» Listed entries:

......

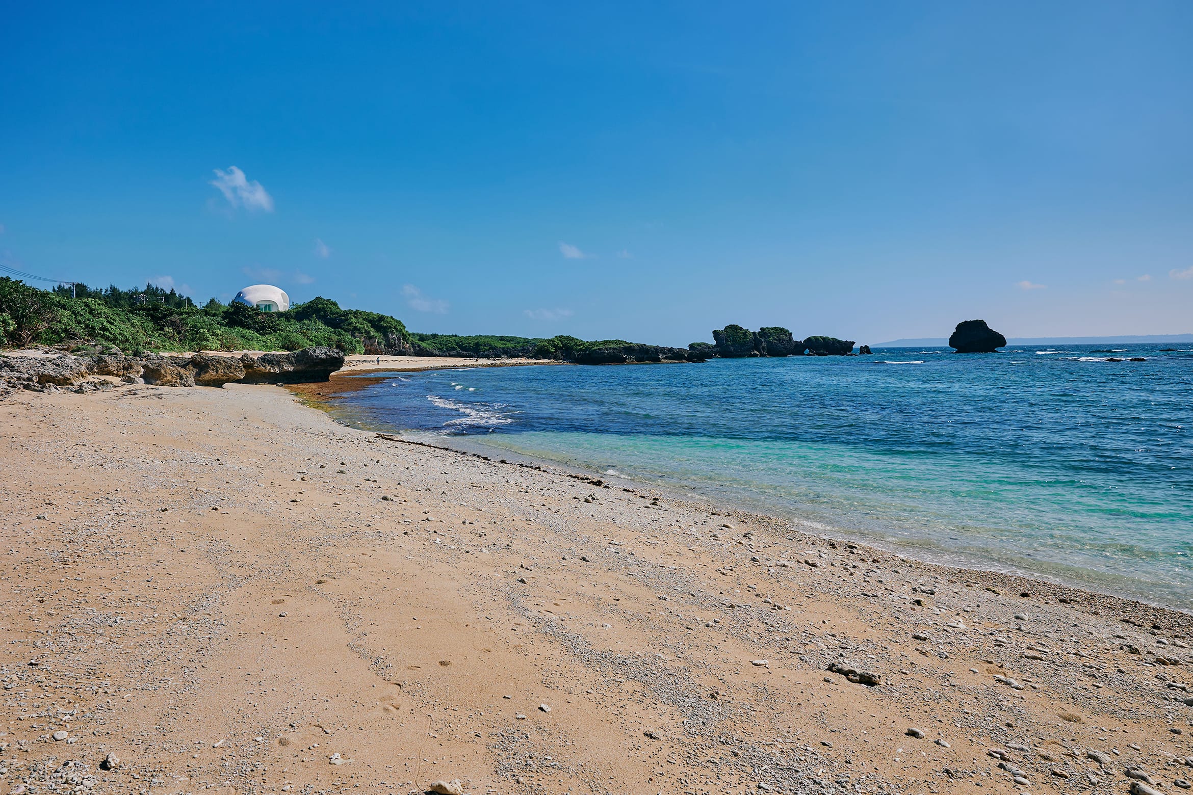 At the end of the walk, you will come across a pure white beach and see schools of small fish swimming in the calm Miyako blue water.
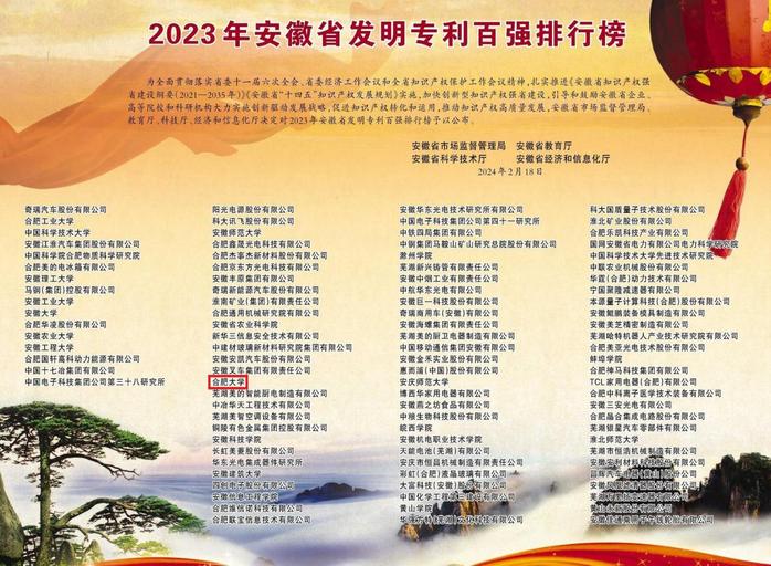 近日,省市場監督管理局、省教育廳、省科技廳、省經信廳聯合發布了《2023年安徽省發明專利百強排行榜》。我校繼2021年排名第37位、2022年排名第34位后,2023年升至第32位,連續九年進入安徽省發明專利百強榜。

......

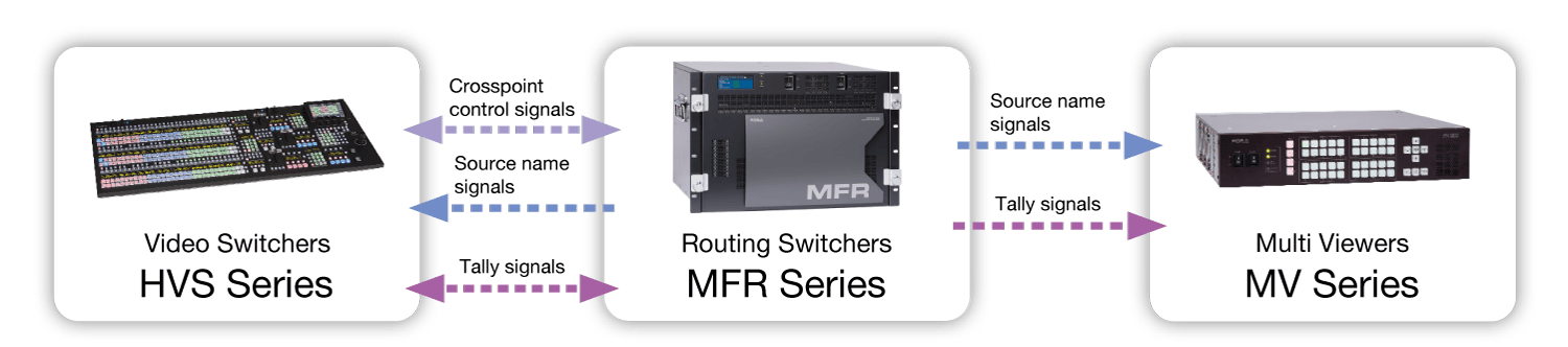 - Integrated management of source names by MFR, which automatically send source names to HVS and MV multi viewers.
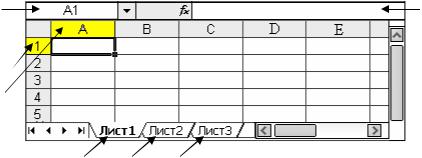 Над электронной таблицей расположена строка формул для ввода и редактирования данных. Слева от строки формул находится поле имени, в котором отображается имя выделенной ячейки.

......

» About this exercise: Whatever pictures the records hold, omit them; give again exactly the lines from the one containing "At the end of" through the one containing "近日,省市場監督管理局、省教".

» Task response:
 At the end of the walk, you will come across a pure white beach and see schools of small fish swimming in the calm Miyako blue water.
 近日,省市場監督管理局、省教育廳、省科技廳、省經信廳聯合發布了《2023年安徽省發明專利百強排行榜》。我校繼2021年排名第37位、2022年排名第34位后,2023年升至第32位,連續九年進入安徽省發明專利百強榜。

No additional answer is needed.